|
I know this is an unusual circumstance, but what do you do if your child has had the full neuropsych testing within a year of applying to private schools and the results are that there's no diagnosis? We have a child who we thought might have some ADD, so we had him tested, and the results were just a very smart kid, with no particular significant results. Some anxiety, which accounted for the symptoms we were seeing, but that seems to have resolved by itself since then anyway. But they do the WISC as part of the testing, and now we're in the position of 1) not being able to do the WISC again because it's within one year of the last time, and 2) the report we have includes ALL the neuropsych testing. So it's just different from what everyone else has -- the nice little WISC report and write up. Ours is from Hopkins, not one of the private testers so it's just much more clinical. And we're a little worried that the fact that we did the whole testing may make the school think there's an issue that isn't there. (We chose to do the testing ourselves, it wasn't recommended by the child's school or anything, so it wouldn't come up otherwise.)

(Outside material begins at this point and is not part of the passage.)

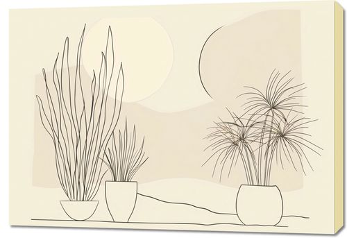 Obraz z serii minimalistyczne zatytułowany Roślinność w Pastelu. Obraz przedstawia trzy doniczki z roślinami o subtelnych, linearnych kształtach na tle geometrycznych form w pastelowych barwach beżu i bieli. Zarysowane linie roślin przypominają delikatne ruchy wiatru, dodając kompozycji lekkości i naturalnego rytmu. Tło obrazu jest stonowane, co pozwala na skupienie uwagi na wyrazistych kształtach roślin. Ten plakat idealnie wpasuje się w przestrzenie, które cenią sobie spokój i harmonię. Jego subtelna paleta barw i elegancka prostota czynią go doskonałym dodatkiem do wnętrz skandynawskich, zen czy nowoczesnych minimalistycznych, wnosząc do nich odrobinę natury i estetycznej przyjemności.

It seems like things are so competitive that anything can disqualify a kid these days. |
| Many schools let you submit SSAT or ISEE or WISC. If you don't want to submit the entire neuropsych report, you can always submit the SSAT or ISEE instead. |
| Contact the tester and see if they will write you a condensed report that only addresses the part the admissions testing would address. They may charge you a fee, but I don't see why they couldn't. |
| Can't do the sat because only second grade. Can ask Hopkins for the truncated report but I don't know if they do that. |
I was told by our tester (not Hopkins) that it was possible to include just the educational portions, but it would have to include a disclaimer that it was part of a larger neuropsych. We decided that any admissions office would see that and ask for the whole thing, so we just submitted the whole thing. |
| I am a neuropsychologist and would be happy to do that for a family. Just contact your clinician, it would take less then 30 minutes to create a "WISC TEST RESULTS" and it would be an individual clinicians decision on whether or not to include the note if it was part of a larger eval....... |
| Our psychologist said she would write a condensed report if needed because all they ask for is a WISC. So other students aren't always submitting additional testing even if they found something. |
| I agree, see if you can get a WISC-only report; you have no obligation to report analyses that weren't asked for, and which didn't turn up a diagnosis. |
| Do you have the tester's private email or number at KKI?Getting a WISC only report from Hopkins maybe challenging. |
| Since the neuropsych was done at Hopkins, I would just submit the entire report bc otherwise the school may think you are hiding something. |
Yes, I think we have to submit the entire report, because even if the tester does the truncated one, I think it would be strange to come from KKI and they'd think we were hiding something. Has anyone had this experience? Do you think that it hinders he application? I know that logically it shouldn't. In some ways, they should look MORE favorably on it (if they aren't friendly to kids with learning challenges -- which don't get me started on that anyway) because the kid's been thoroughly evaluated and found to not have an issue. But somehow I doubt that's how it really works out. |
we submitted everything. i look at it this way: if they can't handle my kid, i want to know that before we put my kid there. how horrible would it be to place your kid in a school that may have issues handling their specific needs. but, i am a lay the cards out on the table kind of person and don't sugarcoat, so YMMV. |
I tend to agree, it's just that in this case the result was that the kid doesn't have any particular needs other than just neurotypical stuff. If there were a diagnosis, or an issue flagged or something, then I'd *definitely* submit everything, because I totally agree with you -- I don't want to end up somewhere that can't handle it. But this is a weird situation where that's not the case, but we have this big testing report. |
|
I think applying for third grade? which is generally not an entry yr will be more of a factor in admissions than submitting the entire report that does not show any issues.